Burden of cancer attributable to consumption of alcohol in Japan in 2015
Hirabayashi M, Sawada N, Abe SK, Saito E, Hori M, Katanoda K, Matsuda T, Inoue M; the Cancer PAF Japan Collaborators
Alcohol can cause or contribute to the development of many non-communicable diseases, including cancer. We calculated the proportion of cancer incidence and mortality in 2015 attributable to alcohol consumption in 2005. Data on alcohol consumption, provided in go, a traditional Japanese alcohol measurement unit, was derived from the 2005 Japanese National Health and Nutrition Survey for each sex and age group, then converted into grams of ethanol per day. The optimal consumption of alcohol for the purpose of this study was determined to be none, based on a global assessment derived from previous observational studies that have looked at the association between alcohol consumption and cancer.

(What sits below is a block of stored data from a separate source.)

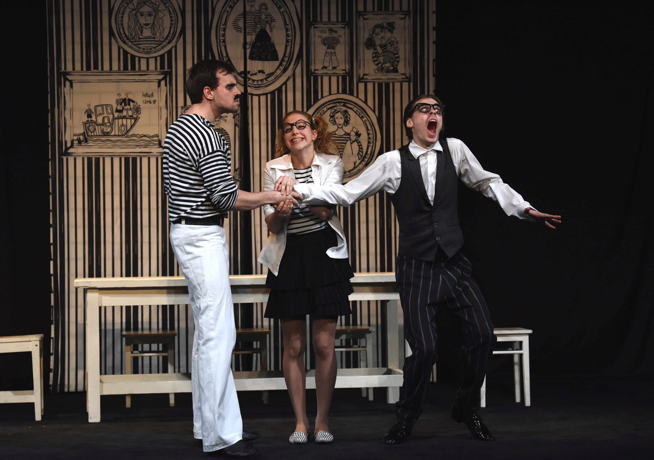 На самом деле, произошло полное погружение в атмосферу немого кинематографа еще и благодаря декорациям и великолепной игре актеров. Черная сцена время от времени закрывалась черным занавесом, служившим экраном, на который транслировались отрезки оригинальных немых фильмов. Актерам на все сто удалось справиться с явным переигрыванием, свойственным жанру немого кино. Честно говоря, я несколько раз за весь спектакль ловила себя на мысли, что мне кажется, будто я смотрю настоящий немой фильм. На минуту я осознавала, что это происходит все-таки на сцене театра, но после снова погружалась в атмосферу именно кинематографа. А раз зритель поверил, что он смотрит не спектакль, а настоящее кино, значит, создатели смогли выполнить главную свою задачу.
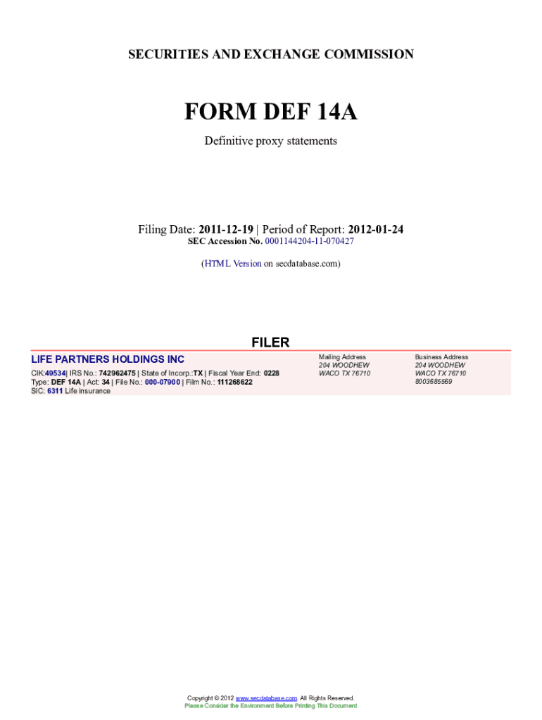 Get the free LIFE PARTNERS HOLDINGS INC (Form: DEF 14A, Filing Date
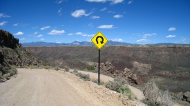 Nous rejoignons la route empruntée hier pour arriver à Taos, puis la NM-567, une piste qui descend dans la gorge et la traverse.
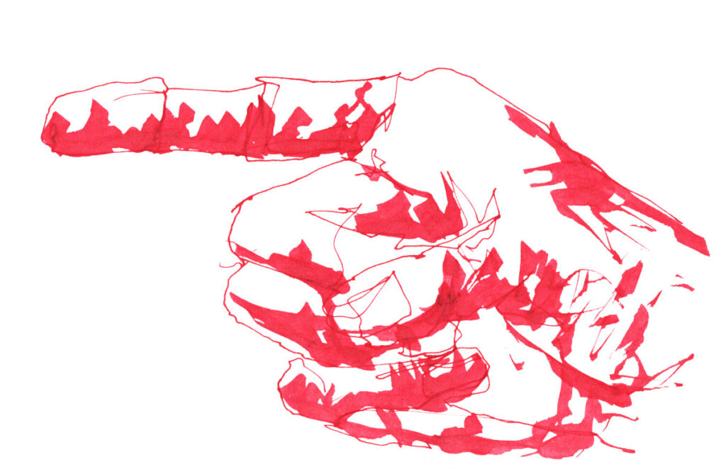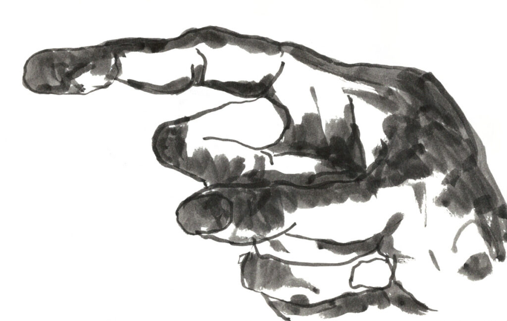 I save the initial washes from my brushes and pens in containers, letting them slowly evaporate into a grey wash, which I used with a ruling pen here I enjoyed the cheeky contradiction of the words Slow Up against a rapid, sloppy cursive.
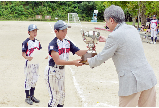蒲郡信用金庫の岩瀬専務理事が優勝杯を授与した(蒲郡市三谷東小学校グラウンドで)
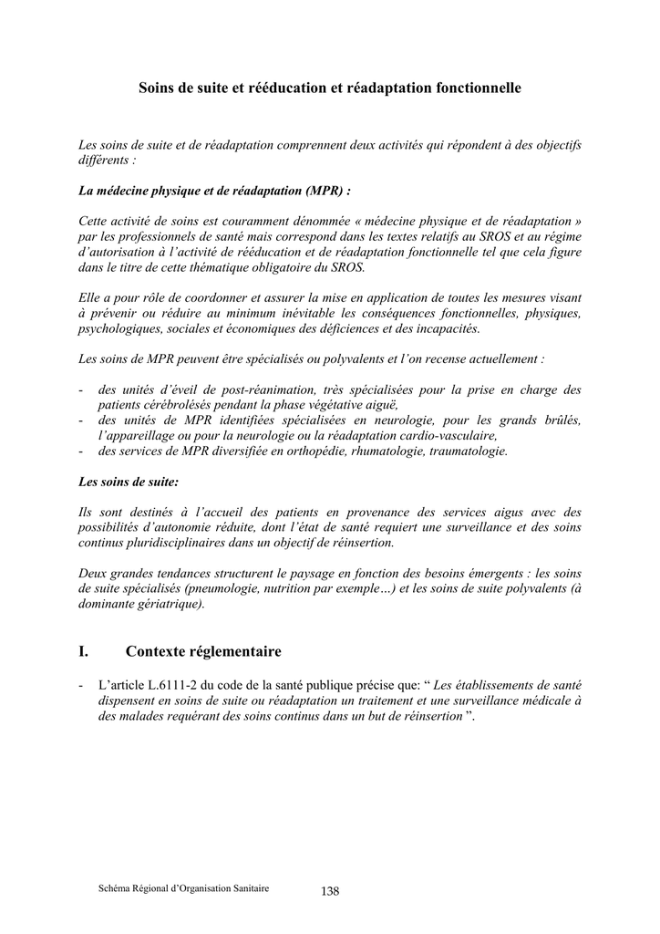 Soins de suite et rééducation et réadaptation fonctionnelle Les soins de suite et de réadaptation comprennent deux activités qui répondent à des objectifs différents : La médecine physique et de réadaptation (MPR) : Cette activité de soins est couramment dénommée « médecine physique et de réadaptation » par les professionnels de santé mais correspond dans les textes relatifs au SROS et au régime d’autorisation à l’activité de rééducation et de réadaptation fonctionnelle tel que cela figure dans le titre de cette thématique obligatoire du SROS. Elle a pour rôle de coordonner et assurer la mise en application de toutes les mesures visant à prévenir ou réduire au minimum inévitable les conséquences fonctionnelles, physiques, psychologiques, sociales et économiques des déficiences et des incapacités. Les soins de MPR peuvent être spécialisés ou polyvalents et l’on recense actuellement : - des unités d’éveil de post-réanimation, très spécialisées pour la prise en charge des patients cérébrolésés pendant la phase végétative aiguë, des unités de MPR identifiées spécialisées en neurologie, pour les grands brûlés, l’appareillage ou pour la neurologie ou la réadaptation cardio-vasculaire, des services de MPR diversifiée en orthopédie, rhumatologie, traumatologie. Les soins de suite: Ils sont destinés à l’accueil des patients en provenance des services aigus avec des possibilités d’autonomie réduite, dont l’état de santé requiert une surveillance et des soins continus pluridisciplinaires dans un objectif de réinsertion. Deux grandes tendances structurent le paysage en fonction des besoins émergents : les soins de suite spécialisés (pneumologie, nutrition par exemple…) et les soins de suite polyvalents (à dominante gériatrique). I. - Contexte réglementaire L’article L.6111-2 du code de la santé publique précise que: “ Les établissements de santé dispensent en soins de suite ou réadaptation un traitement et une surveillance médicale à des malades requérant des soins continus dans un but de réinsertion ”. Schéma Régional d’Organisation Sanitaire 138 - La circulaire n° 97-841 du 31 décembre 1997 définit 5 fonctions de soins techniques d’accompagnement caractérisant la prise en charge en soins de suite ou de réadaptation dans un but de “ réinsertion des malades, de façon prioritaire à domicile ou parfois dans une institution sociale ou médico-sociale si leur état stabilisé le requiert ” : limitation des handicaps physiques, restauration somatique et psychologique, éducation du patient et éventuellement de son entourage, poursuite et suivi des soins et du traitement, préparation de la sortie et de la réinsertion. Contexte régional II. • Etat des lieux de l’équipement : La Haute-Normandie est dotée de 2 526 lits autorisés au 1er août 2005 soit 1,42 (dont 0,36 en MPR) lits pour 1 000 habitants pour un indice de besoins de 1,45 . Elle continue à présenter un déficit par rapport au niveau national (1,59 lits pour 1 000 habitants dont 0,54 en MPR) malgré un rattrapage certain. Ce défaut d’équipement est aggravé par le décalage entre les autorisations accordées et les capacités réellement installées qui atteste d’un déficit réel de près de 400 lits au total, au regard de l’indice régional des besoins. La Haute-Normandie figurait ainsi à la 21ème place des 22 régions de France métropolitaine en terme de taux d’équipement installé au 1er janvier 2004. Le taux d’équipement en places installées en MPR (3,87 places pour 100 000 habitants) reste encore moitié moindre qu’au niveau national, mais la mise en œuvre des autorisations accordées permettrait globalement la mise à niveau de la région. Toutefois, le territoire de Dieppe resterait encore sous doté, avec un taux d’équipement autorisé de 2,88. La répartition régionale demeure contrastée au sein de la région d’une part, entre les 4 territoires de santé, d’autre part, au regard des structures où les capacités sont implantées : - Territoire de Rouen-Elbeuf : 1.092 lits (43,2% des capacités 1,4 lits autorisés/1 000 habitants) Territoire du Havre : 526 lits (20,8% des capacités 1,16 lits autorisés/1 000 habitants) Territoire d’Evreux-Vernon : 766 lits (30,3% des capacités 2 lits autorisés/1 000 habitants) Territoire de Dieppe : 142 lits (5,6% des capacités 0,82 lits autorisés/1 000 habitants) régionales, régionales, régionales, régionales, S’agissant des structures, l’offre de soins de suite médicalisés polyvalents, plutôt à vocation de proximité, est souvent concentrée sur les grandes agglomérations. Schéma Régional d’Organisation Sanitaire 139 • - Identification des problématiques : Un manque de capacités et, parallèlement, une augmentation des besoins. Ainsi, l’augmentation prévisible de 37% de la population des plus de 75 ans à l’horizon 2010 devrait induire une augmentation du recrutement de 19% pour la période 2002-2010 de nature essentiellement gériatrique (pour la prise en charge de polypathologies, orthopédie gériatrique, AVC, démences...). En outre, l’existence d’indicateurs de morbi-mortalité péjoratifs en cancérologie et en alcoologie (notamment dans le territoire du Havre) doit faire porter une attention particulière dans ces domaines. - Un recours partiellement inapproprié faute de fluidité du secteur des SSR avec des disponibilités d’aval souvent insuffisantes (notamment dans la filière des cérébrolésés, l’accueil dans des institutions des adultes de moins de 60 ans lourdement dépendants, des personnes âgées lourdement malades ou dépendantes ainsi que dans le domaine du retour à domicile), un certain nombre d’inadéquations à l’entrée en SSR et des alternatives à l’hospitalisation complète insuffisamment développées. - Des besoins de prise en charge en SSR spécialisés ou très
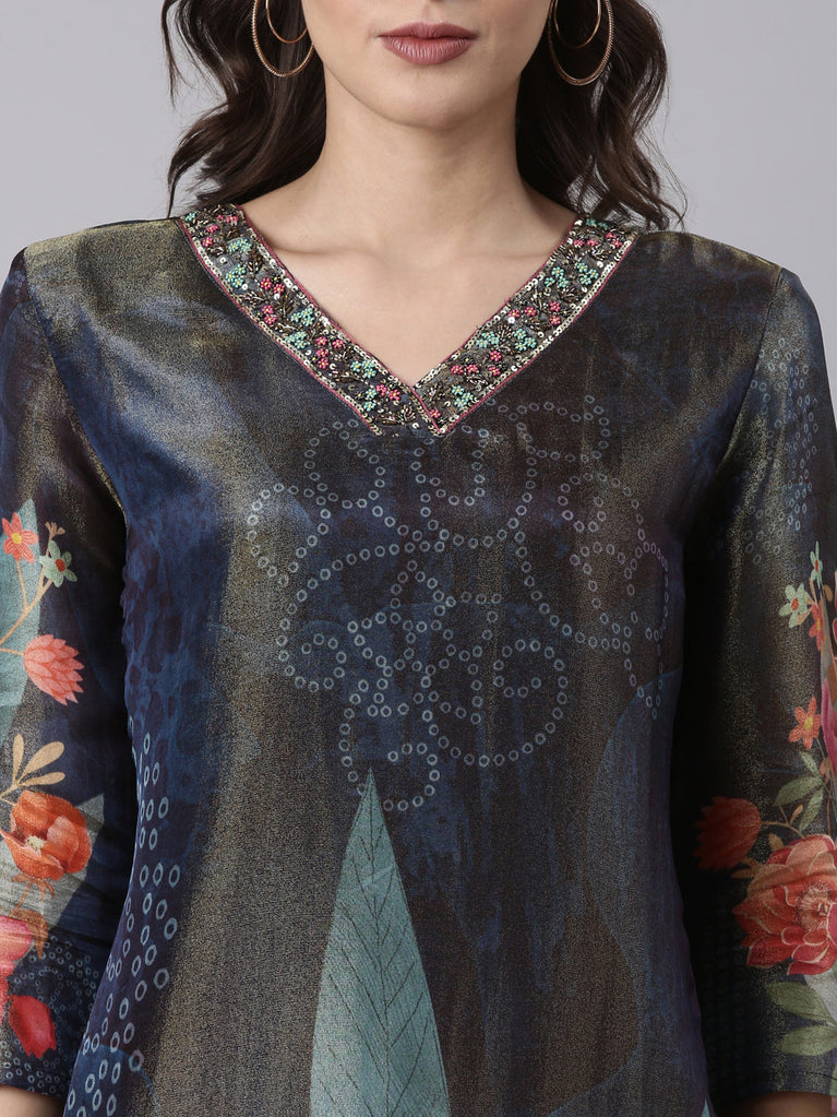 Embrace elegance with this blue silk printed anarkali paired with matching palazzo pants in a graceful three-piece set. The flowing anarkali enhances your silhouette while the comfortable palazzo adds ease to your movement. Perfect for festive occasions, this set combines traditional charm with modern comfort, making you feel confident and radiant wherever you go.
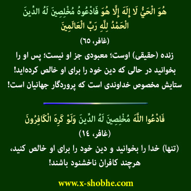 « وَمَا أُمِرُوا إِلَّا لِیَعْبُدُوا اللَّهَ مُخْلِصِینَ لَهُ الدِّینَ حُنَفَاءَ وَیُقِیمُوا الصَّلَاةَ وَیُؤْتُوا الزَّکَاةَ وَذَلِکَ دِینُ الْقَیِّمَةِ » (البینة، 5)
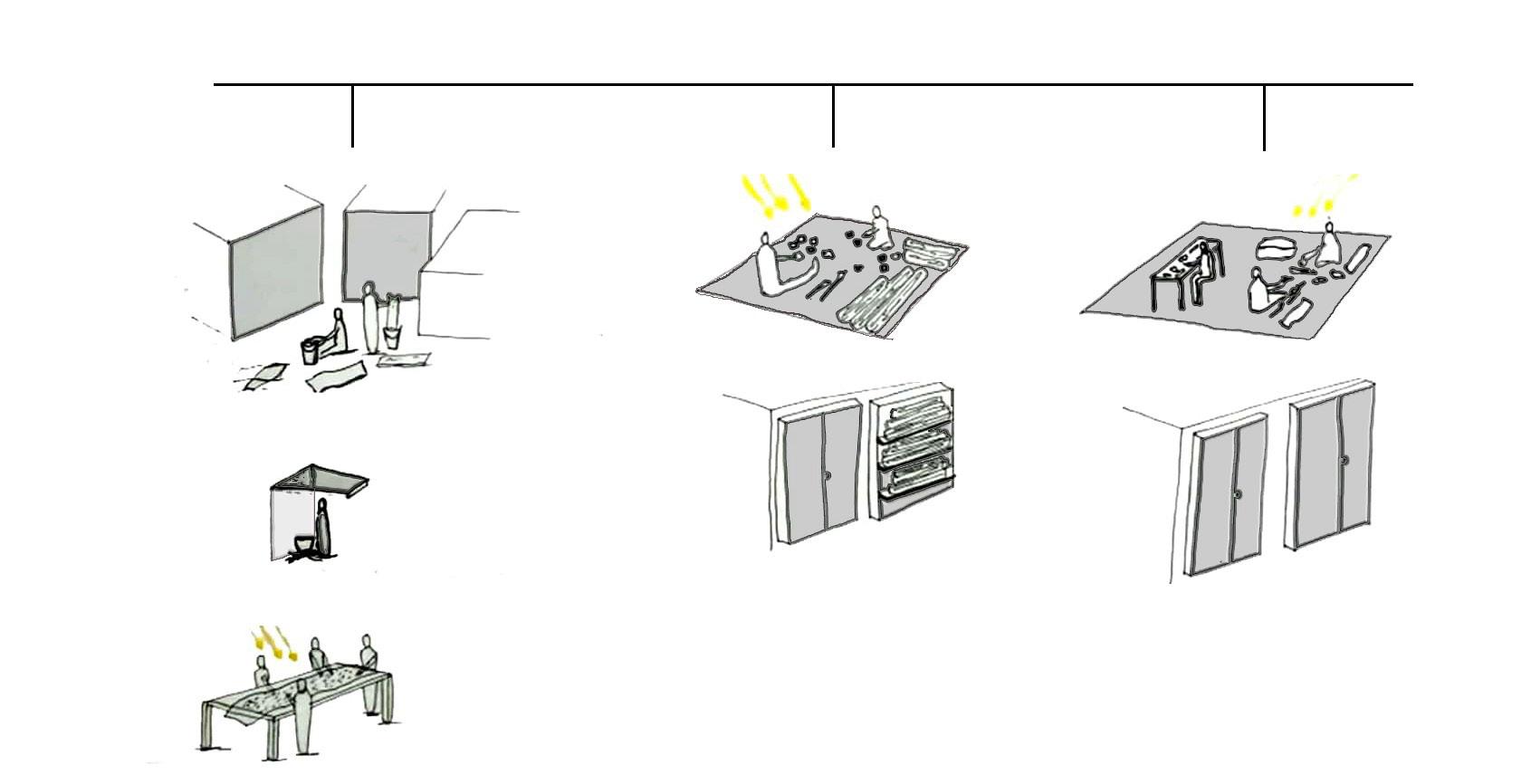 ARTISANS COMMON OPEN WASHING SPACE SEMIOPEN DYEING SPACE CLOSED PRINTING SPACE CLOSED WORKSPACE STORAGE SPACE CLOSED WORKSPACE STORAGE SPACE
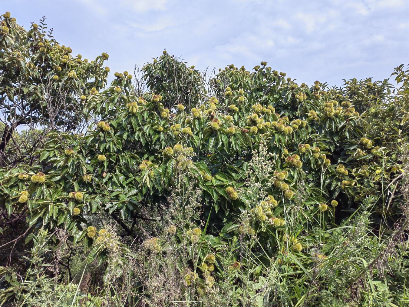 栗子树的果实被一层厚厚的刺球包裹着,这层刺球是为了保护里面的种子免受外界侵害。当果实成熟时,刺球会自然裂开,露出里面棕色的栗子。采摘栗子需要一定的技巧,因为刺球可能会扎手。不过,一旦剥开刺球,就能看到圆润光滑的栗子果实,让人感到惊喜。
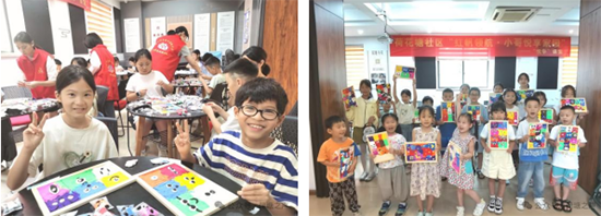 7月22日,荷花塘社區(qū)“悅芽?jī)?rdquo;假日學(xué)校的教室里 一場(chǎng)以“學(xué)有所“悅” 多彩童趣”為主題的黏土拼貼畫(huà)活動(dòng),讓近30名孩子在假期里收獲了滿滿的快樂(lè)與成長(zhǎng)。活動(dòng)現(xiàn)場(chǎng),來(lái)自學(xué)校黏土社的同學(xué)們向小朋友們上了一節(jié)有趣的黏土課:介紹了黏土拼貼畫(huà)的基本技巧,包括黏土的揉捏、塑形以及拼貼組合的方法,并在活動(dòng)過(guò)程中,黏土社的同學(xué)們不時(shí)地走到孩子們身邊,給予他們指導(dǎo)和鼓勵(lì)。活動(dòng)尾聲,孩子們紛紛展示出自己的作品,每一幅作品都充滿了想象力和創(chuàng)造力。
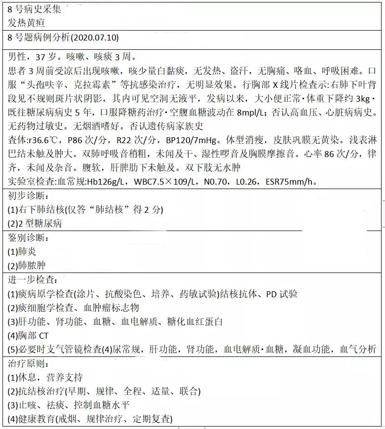 第一考戰(zhàn)共8題選擇題+病史采集+病例分析

Using standard formulas, population attributable fractions (PAFs) for all cancers positively associated with alcohol drinking - oral cavity, pharynx, esophagus, stomach, colorectum, liver, larynx, and female breast - were calculated for each sex and age group and aggregated to obtain the PAF among total cancer incidence and mortality. For Japan in 2015, 59,838 cases of cancer incidence and 23,929 cancer deaths were attributable to alcohol consumption. The estimated PAF for cancer incidence and mortality attributable to alcohol consumption was 6.2% and 6.5%, respectively. For both cancer incidence and mortality, the highest percentage of alcohol-attributable cancer sites was esophageal (54.0% for incidence, 52.3% for mortality). Avoidance of alcohol consumption would reduce the burden of alcohol on cancer in Japan.